Records for processing:
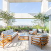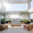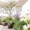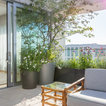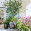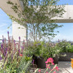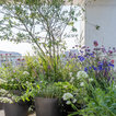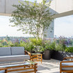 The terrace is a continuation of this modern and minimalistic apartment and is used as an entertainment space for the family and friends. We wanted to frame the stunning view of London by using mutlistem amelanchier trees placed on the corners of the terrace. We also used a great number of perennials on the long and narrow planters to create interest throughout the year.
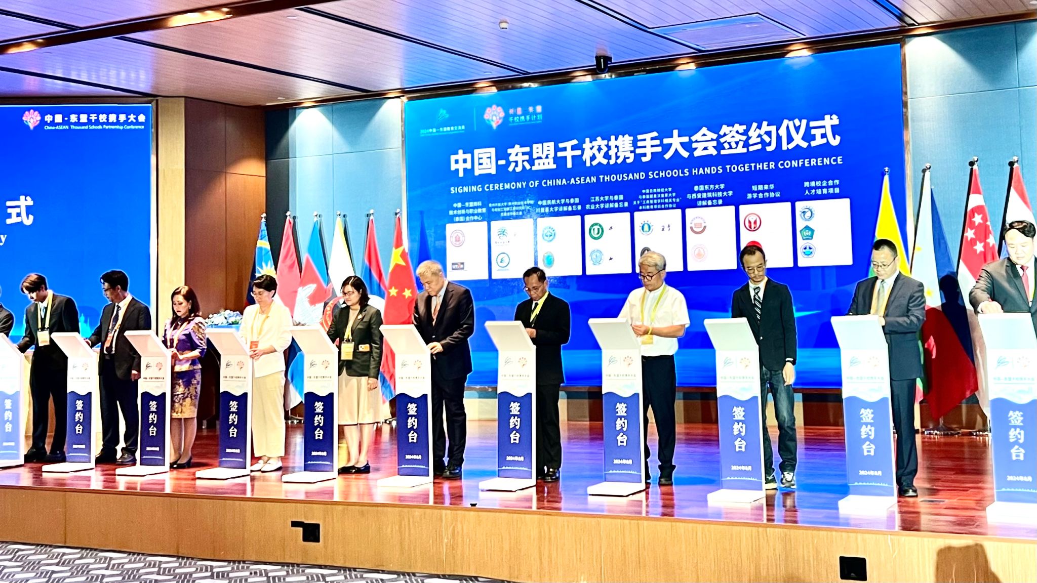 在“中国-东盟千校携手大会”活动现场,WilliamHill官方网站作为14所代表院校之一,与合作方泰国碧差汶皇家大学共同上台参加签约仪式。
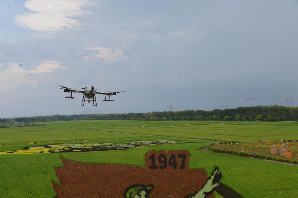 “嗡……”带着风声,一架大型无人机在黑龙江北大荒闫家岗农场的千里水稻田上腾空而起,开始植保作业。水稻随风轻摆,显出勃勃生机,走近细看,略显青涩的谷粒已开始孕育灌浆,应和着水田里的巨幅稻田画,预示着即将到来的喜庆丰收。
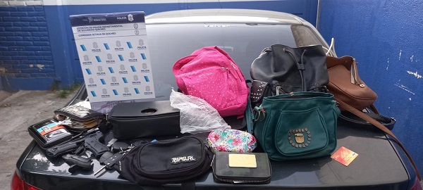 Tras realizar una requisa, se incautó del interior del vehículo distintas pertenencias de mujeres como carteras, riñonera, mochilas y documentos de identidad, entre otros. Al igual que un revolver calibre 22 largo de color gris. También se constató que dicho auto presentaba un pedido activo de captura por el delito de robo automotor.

* * *

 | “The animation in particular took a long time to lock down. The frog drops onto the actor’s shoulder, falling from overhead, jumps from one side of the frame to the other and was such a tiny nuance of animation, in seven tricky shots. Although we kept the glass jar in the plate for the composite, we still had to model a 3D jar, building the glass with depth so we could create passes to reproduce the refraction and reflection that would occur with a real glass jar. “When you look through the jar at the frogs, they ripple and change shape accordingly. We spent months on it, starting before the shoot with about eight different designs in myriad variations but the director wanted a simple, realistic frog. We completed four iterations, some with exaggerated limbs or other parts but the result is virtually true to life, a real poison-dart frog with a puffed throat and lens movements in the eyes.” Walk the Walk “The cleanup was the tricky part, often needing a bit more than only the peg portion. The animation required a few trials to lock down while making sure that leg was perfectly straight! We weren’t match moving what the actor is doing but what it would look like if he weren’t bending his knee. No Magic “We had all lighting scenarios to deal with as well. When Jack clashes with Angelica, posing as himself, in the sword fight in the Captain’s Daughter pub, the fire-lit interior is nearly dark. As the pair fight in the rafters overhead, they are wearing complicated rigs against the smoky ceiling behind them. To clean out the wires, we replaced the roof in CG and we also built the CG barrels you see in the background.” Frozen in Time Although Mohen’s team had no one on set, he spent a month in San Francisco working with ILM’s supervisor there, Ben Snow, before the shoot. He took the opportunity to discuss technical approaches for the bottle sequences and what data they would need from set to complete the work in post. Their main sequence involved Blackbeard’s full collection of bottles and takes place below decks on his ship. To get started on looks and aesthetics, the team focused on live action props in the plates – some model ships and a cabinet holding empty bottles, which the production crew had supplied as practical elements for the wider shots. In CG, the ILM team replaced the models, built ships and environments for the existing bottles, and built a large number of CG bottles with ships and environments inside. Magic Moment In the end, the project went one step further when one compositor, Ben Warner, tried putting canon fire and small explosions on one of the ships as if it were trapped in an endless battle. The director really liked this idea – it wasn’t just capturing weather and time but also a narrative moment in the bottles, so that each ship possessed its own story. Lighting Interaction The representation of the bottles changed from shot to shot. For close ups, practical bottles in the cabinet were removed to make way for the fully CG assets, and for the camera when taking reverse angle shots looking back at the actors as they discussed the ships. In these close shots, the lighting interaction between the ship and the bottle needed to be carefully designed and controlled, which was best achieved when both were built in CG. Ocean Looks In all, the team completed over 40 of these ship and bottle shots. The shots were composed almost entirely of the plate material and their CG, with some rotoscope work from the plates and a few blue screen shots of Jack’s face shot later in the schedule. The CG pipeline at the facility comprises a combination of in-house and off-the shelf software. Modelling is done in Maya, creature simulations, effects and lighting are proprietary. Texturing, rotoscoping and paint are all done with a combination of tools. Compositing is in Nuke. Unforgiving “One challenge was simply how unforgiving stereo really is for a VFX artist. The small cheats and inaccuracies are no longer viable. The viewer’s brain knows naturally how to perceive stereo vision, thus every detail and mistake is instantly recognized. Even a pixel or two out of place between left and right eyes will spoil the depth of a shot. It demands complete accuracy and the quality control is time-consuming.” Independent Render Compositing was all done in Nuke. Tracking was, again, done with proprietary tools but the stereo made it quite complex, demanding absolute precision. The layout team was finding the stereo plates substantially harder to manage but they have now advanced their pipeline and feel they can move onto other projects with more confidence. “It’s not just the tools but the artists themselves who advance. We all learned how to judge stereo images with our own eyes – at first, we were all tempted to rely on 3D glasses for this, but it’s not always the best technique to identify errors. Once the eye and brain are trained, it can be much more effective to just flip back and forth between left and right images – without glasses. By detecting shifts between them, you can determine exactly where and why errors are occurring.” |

What is needed:
Your answer must be the lines above from the one holding "The terrace is" up to and including the one holding "Tras realizar una", exact and with no pictures.

Answer:
 The terrace is a continuation of this modern and minimalistic apartment and is used as an entertainment space for the family and friends. We wanted to frame the stunning view of London by using mutlistem amelanchier trees placed on the corners of the terrace. We also used a great number of perennials on the long and narrow planters to create interest throughout the year.
 在“中国-东盟千校携手大会”活动现场,WilliamHill官方网站作为14所代表院校之一,与合作方泰国碧差汶皇家大学共同上台参加签约仪式。
 “嗡……”带着风声,一架大型无人机在黑龙江北大荒闫家岗农场的千里水稻田上腾空而起,开始植保作业。水稻随风轻摆,显出勃勃生机,走近细看,略显青涩的谷粒已开始孕育灌浆,应和着水田里的巨幅稻田画,预示着即将到来的喜庆丰收。
 Tras realizar una requisa, se incautó del interior del vehículo distintas pertenencias de mujeres como carteras, riñonera, mochilas y documentos de identidad, entre otros. Al igual que un revolver calibre 22 largo de color gris. También se constató que dicho auto presentaba un pedido activo de captura por el delito de robo automotor.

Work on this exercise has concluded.